Retyped exactly and without pictures, the lines from the one with "It conveys a" through the end of the listing must form the entire answer.

Study material
'''
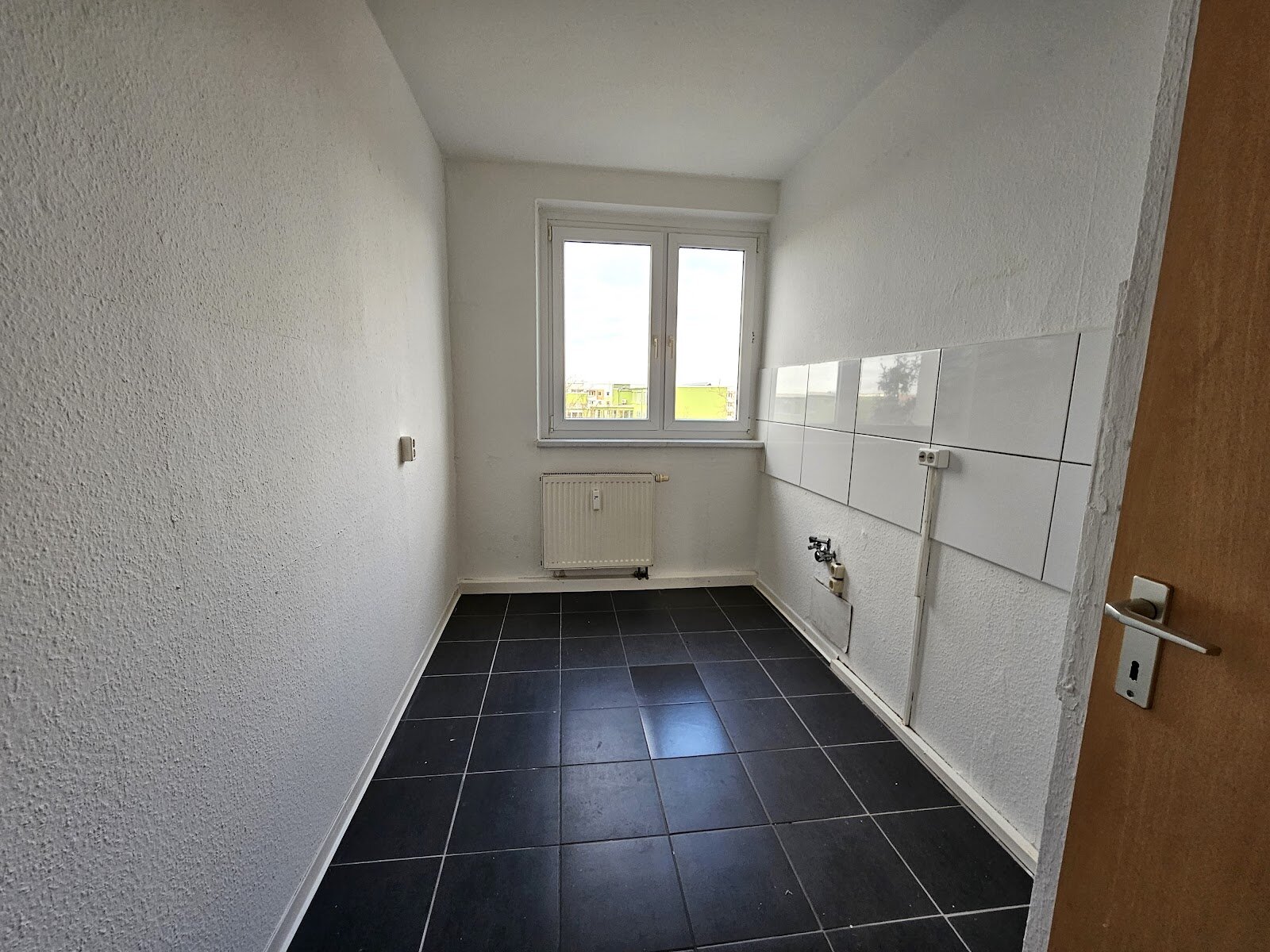 - Anthrazite Boden- und weiße Wandfliesen in der Küche
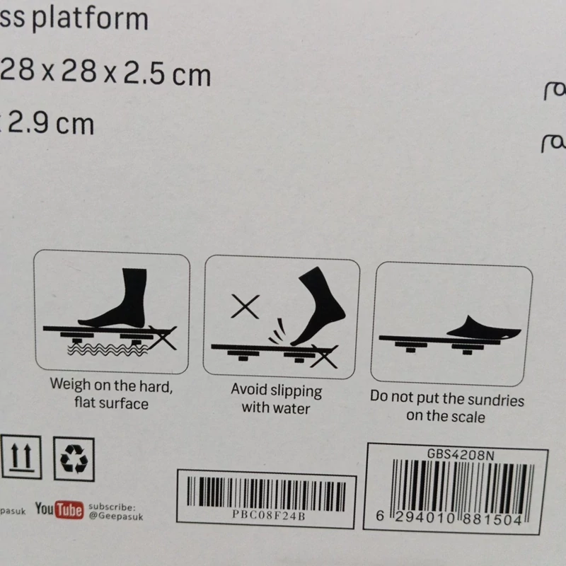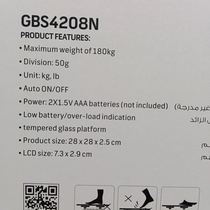 مشخصات ترازوی دیجیتال جیپاس مدل GBS4208N نمایشگر دیجیتال: نمایشگر LCD با نور پسزمینه که خواندن آن را در اتاقهای تاریک نیز امکانپذیر میسازد. حداکثر وزن: ظرفیت اندازهگیری تا 180 کیلوگرم. اندازه مناسب برای استفاده در خانههای مدرن. شیشه مقاوم: سطح شیشهای مقاوم و ضخیم با فضای کافی برای قرار دادن پاها، این ترازو از استحکام و ایمنی بالایی برخوردار است و در عین حال امکان ذخیرهسازی آسان را فراهم میآورد. ویژگیهای محصول: حداکثر وزن 180 کیلوگرم دقت اندازهگیری: 50 گرم واحدهای اندازهگیری: کیلوگرم، پوند خاموش و روشن شدن خودکار منبع تغذیه: 2 عدد باتری AAA (شامل نمیشود) نشانگر کمبود باتری و بار اضافی سطح شیشهای مقاوم ابعاد محصول: 28 x 28 x 2.5 سانتیمتر ابعاد نمایشگر LCD: 7.3 x 29 سانتیمتر ویژگیهای برجسته: ترازو دیجیتال جیپاس GBS4208N با حداکثر وزن 180 کیلوگرم و دقت بالا مناسب برای استفاده در منزل است. طراحی شیک و مقاوم، مناسب برای هر فضای داخلی. عملکرد خودکار با قابلیت خاموش و روشن شدن خودکار برای راحتی بیشتر در استفاده.
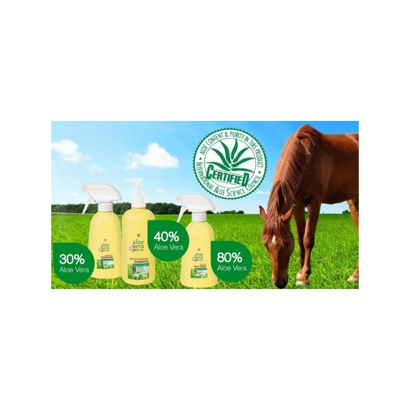 Idratazione profonda del pelo. Uno Shampoo delicato per animali con il 40% di Gel di Aloe Vera, pulisce a fondo il pelo del vostro cane e del vostro cavallo. Una delicata detersione ed un delicato trattamento per un pelo morbido, lucido e setoso.
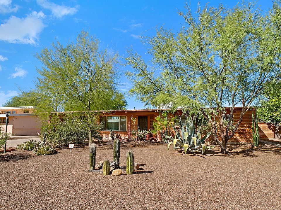 * Privately situated burnt adobe Mid-Century home, full of charm. Vaulted tongue and groove beamed ceiling throughout the entire home. Large windows allowing lots of natural light. Large format neutral ceramic tile throughout living areas and wood laminate in bedrooms - no carpet. Recently updated kitchen with SS appliances, newer countertops with tile backsplash. Spacious bedrooms w/en suite owner's bath with new tiled shower and fixtures. Separate laundry room with washer and dryer and charming screened in porch at back. Many native plants and gardens in pool size back yard. This is truly an in town oasis, not to be missed!
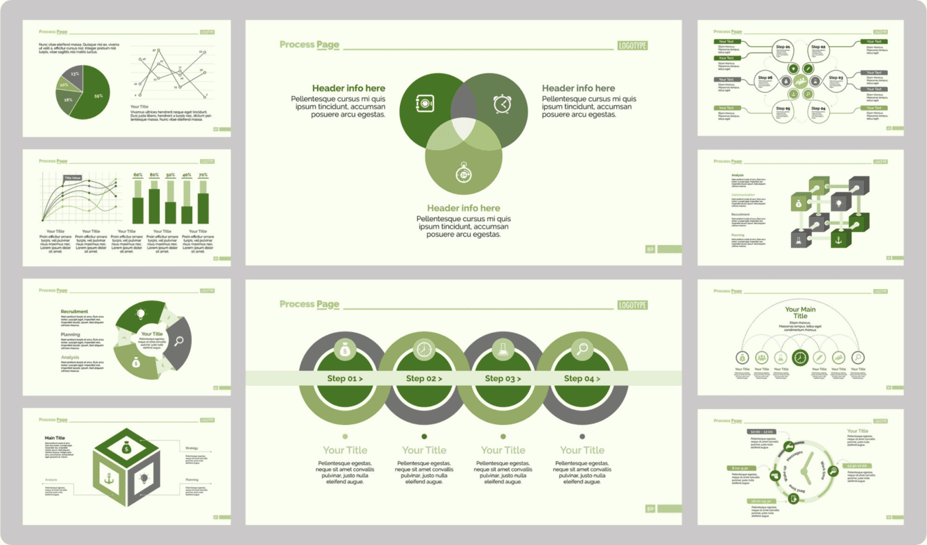 It conveys a sense of order without looking too harsh; it can remain simple without being boring, and can even look premium at times. That’s why someone searching for green PowerPoint templates isn’t actually looking for just one thing.
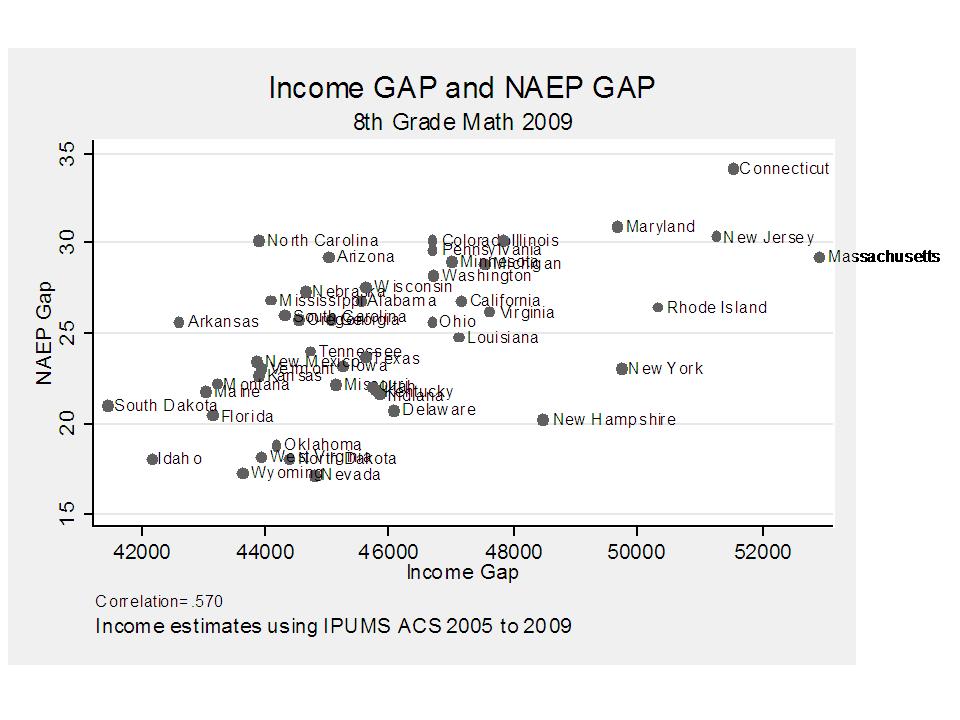 If there is much of a relationship between the income gaps and the NAEP gaps – that is, states with larger income gaps between the poor and non-poor groups also have larger achievement gaps – such a finding would call into question the usefulness of state comparisons of these gaps.
'''
Exercise output
 It conveys a sense of order without looking too harsh; it can remain simple without being boring, and can even look premium at times. That’s why someone searching for green PowerPoint templates isn’t actually looking for just one thing.
 If there is much of a relationship between the income gaps and the NAEP gaps – that is, states with larger income gaps between the poor and non-poor groups also have larger achievement gaps – such a finding would call into question the usefulness of state comparisons of these gaps.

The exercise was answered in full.